Massimo Lopez: «Il mio debutto sul palco fu a vent’anni in Sardegna»
L'attore ad Alghero insieme a Tullio Solenghi
Lopez, lo spettacolo portato in scena ad Alghero ha segnato il vostro ritorno in coppia nel 2018 dopo anni. Quali sono gli ingredienti dello show?
«È uno spettacolo in cui si riconosce il nostro marchio di fabbrica, che era quello del Trio. Ma è anche uno show a 360 gradi. Ci sono momenti musicali, sketch, momenti seri momenti ed emozionali. E ovviamente tanta improvvisazione. Non avere pubblico è un po’ un controsenso per lo spettacolo. Quando ci chiedono se è meglio la tv o il teatro, di solito rispondiamo: il teatro per il contatto reale col pubblico. In questa occasione non c’è stato, ma la nostra comicità è tale che riusciamo a giocare anche su questo».
Ricorda il suo primo incontro con Tullio Solenghi?
«Il primo a livello professionale fu allo Stabile di Genova, ma tornando indietro nel tempo la prima volta che vidi Tullio fu a casa mia. Io non sapevo nemmeno che avrei fatto l’attore, lui stava mettendo su uno spettacolo con mio fratello Giorgio».

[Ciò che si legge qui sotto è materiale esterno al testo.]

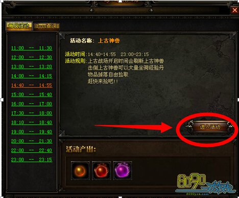 活动规则:上古战场开启时间会刷新上古神兽,击倒上古神兽可以掉落大量的坐骑经验丹,物品自由拾取。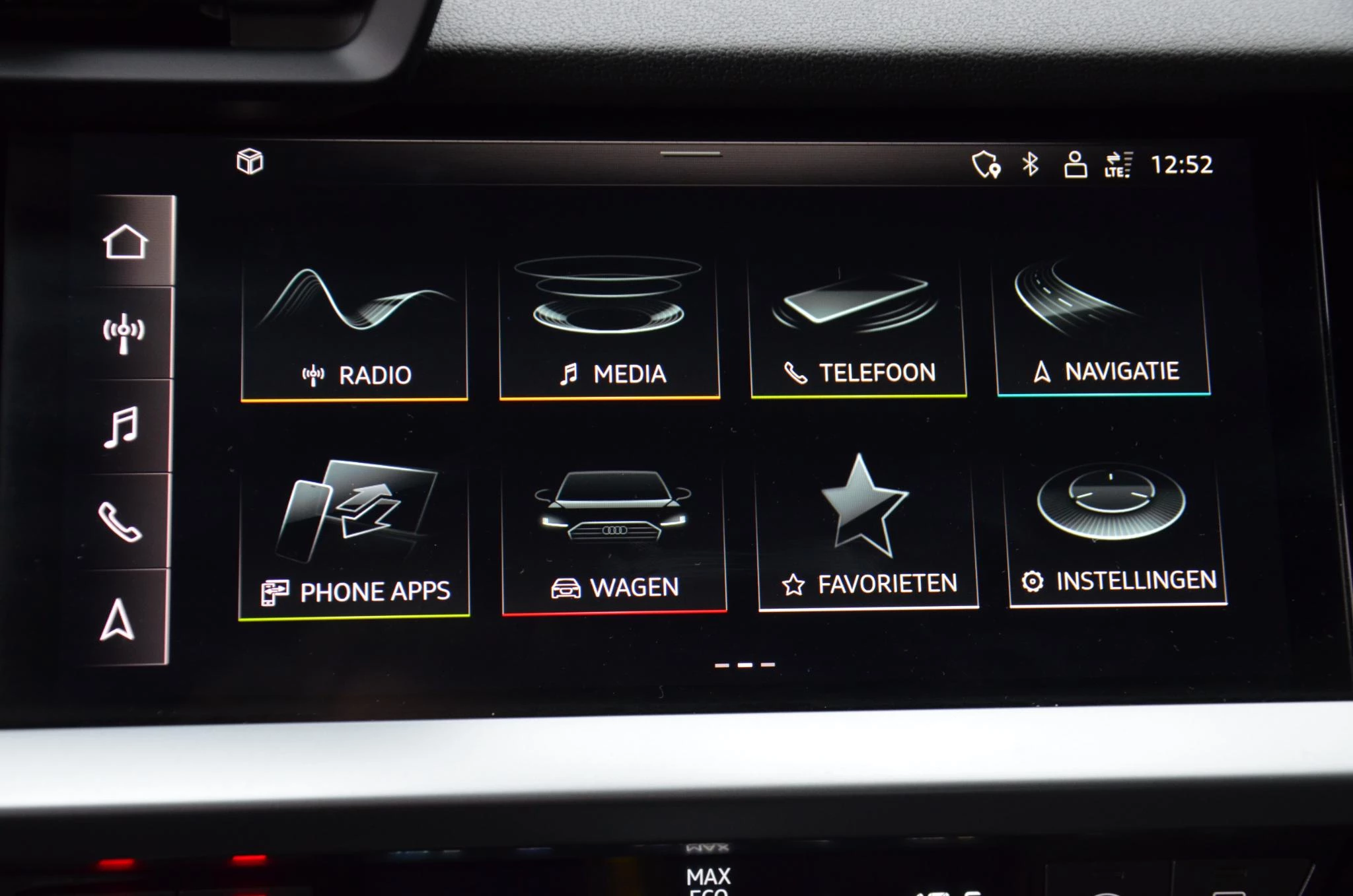De automatische veiligheidssystemen in deze Audi fungeren als een extra paar ogen. En dat niet alleen, ze kunnen ook actief ingrijpen, om zo u en uw passagiers te beschermen. Verkeersbord-detectie herkent verkeersborden en toont deze op het instrumentarium van de auto. Het Lane-keeping systeem registreert permanent of u binnen de lijnen van de rijstrook blijft; dwaalt u onbedoeld af, dan waarschuwt het systeem en corrigeert de koers. Brake assist verhoogt de remdruk in een noodsituatie zodat u sneller stil staat. Bovenop deze veiligheidsfeatures heeft deze Audi bovendien hill hold functie en bandenspanningcontrolesysteem.

Con il Trio avete fatto la storia della tv, da Fantastico a Sanremo, fino ai Promessi sposi: ai tempi immaginavate che avreste lasciato un segno così importante nello spettacolo?
«No. La magia, l’alchimia vera è stata l’incontro tra noi tre. Eravamo sulla stessa lunghezza d’onda, vedevamo tutti e tre la realtà in una determinata maniera. Prima è nata l’amicizia, poi abbiamo deciso di scrivere insieme, perché ci trovavamo su tutto. Non abbiamo mai pensato di stravolgere il mondo dello spettacolo, ma volevamo essere rivoluzionari. E forse dal punto di vista della comicità lo siamo stati. Le nostre proposte non sono sempre state accettate subito. All’inizio non tutti erano d’accordo che stravolgessimo il Manzoni e i Promessi sposi».

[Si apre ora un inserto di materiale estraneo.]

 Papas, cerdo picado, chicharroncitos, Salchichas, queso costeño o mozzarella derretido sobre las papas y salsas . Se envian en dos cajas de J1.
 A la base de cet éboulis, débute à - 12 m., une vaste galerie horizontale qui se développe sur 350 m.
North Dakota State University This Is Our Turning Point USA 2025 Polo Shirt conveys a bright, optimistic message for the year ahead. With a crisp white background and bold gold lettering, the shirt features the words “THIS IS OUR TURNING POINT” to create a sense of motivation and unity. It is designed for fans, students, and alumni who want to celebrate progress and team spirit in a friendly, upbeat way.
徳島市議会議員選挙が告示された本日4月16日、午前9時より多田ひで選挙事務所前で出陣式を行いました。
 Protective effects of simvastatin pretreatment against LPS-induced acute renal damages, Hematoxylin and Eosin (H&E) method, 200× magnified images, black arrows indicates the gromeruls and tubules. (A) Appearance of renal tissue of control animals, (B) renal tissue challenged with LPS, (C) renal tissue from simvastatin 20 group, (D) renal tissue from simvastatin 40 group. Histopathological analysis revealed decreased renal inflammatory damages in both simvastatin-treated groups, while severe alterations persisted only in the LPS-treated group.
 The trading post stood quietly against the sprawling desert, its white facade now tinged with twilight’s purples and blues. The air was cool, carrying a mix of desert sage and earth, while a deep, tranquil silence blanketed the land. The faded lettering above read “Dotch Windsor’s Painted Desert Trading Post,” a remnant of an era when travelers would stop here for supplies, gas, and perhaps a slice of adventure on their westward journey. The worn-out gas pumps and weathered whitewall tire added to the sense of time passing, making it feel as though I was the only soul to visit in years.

Cosa è stata Anna Marchesini per lo spettacolo italiano e ovviamente per voi?
«Con Anna ci siamo conosciuti in sala di doppiaggio: era un essere straordinario. Mi travolse. Scattò subito una forte empatia, avevo voglia di mostrarla al mondo. Ricordo che andai da Tullio: “devi conoscere questa persona”. E lì venni a sapere che già la conosceva. Quando facevamo doppiaggio insieme - era il 1981 - rischiavamo di essere cacciati perché noi doppiavamo a modo nostro, spesso stravolgendo anche i contenuti, e ci accusavamo di perdere tempo».
Avete un curriculum in cui c’è di tutto: dalla televisione al cinema, dalla prosa al musical, fino al doppiaggio. C’è qualcosa che manca?
«Non ho fatto il cinema d’autore, ma non lo ho neanche cercato. Io sono dell’avviso che se le cose devono capitare capitano. A me piace poter essere comico, drammatico, attore, fare quello per cui sono nato. Se si presenterà l’occasione del cinema bene, ma non mi manca».
Avete chiuso l’anno in Sardegna, ad Alghero: qual è il vostro legame con l’isola?
«La mia prima esperienza sul palcoscenico avvenne in Sardegna. Prima ancora di fare l’attore seguii mio fratello Giorgio che doveva fare uno spettacolo drammatico in Sardegna. Avevo vent’anni. Partimmo da Cagliari e toccammo Carbonia, Iglesias, Uras, Solarussa, Macomer, Sassari. Il mio primo pubblico, dunque, è stato quello sardo. Girammo tutta l’isola in inverno, coste ed entroterra. Mi colpì molto il senso di ospitalità. E da allora torno spesso. Per lavoro o in vacanza: negli ultimi anni sono stato ad Alghero».
È stato un anno durissimo, probabilmente il peggiore di tutti: è ottimista per il 2021?
«Luce in fondo al tunnel inizia a intravedersi. Ma ci vuole ancora un po’ di tempo. Abbiamo passato un anno difficile. C’è chi ha avuto gravi perdite, chi ha sofferto molto.Ma tornando indietro nella storia si trovano tante situazioni simili e ogni volta l’umanità ne è venuta fuori: le cose negative servono anche a fortificarti. Andrà così anche stavolta».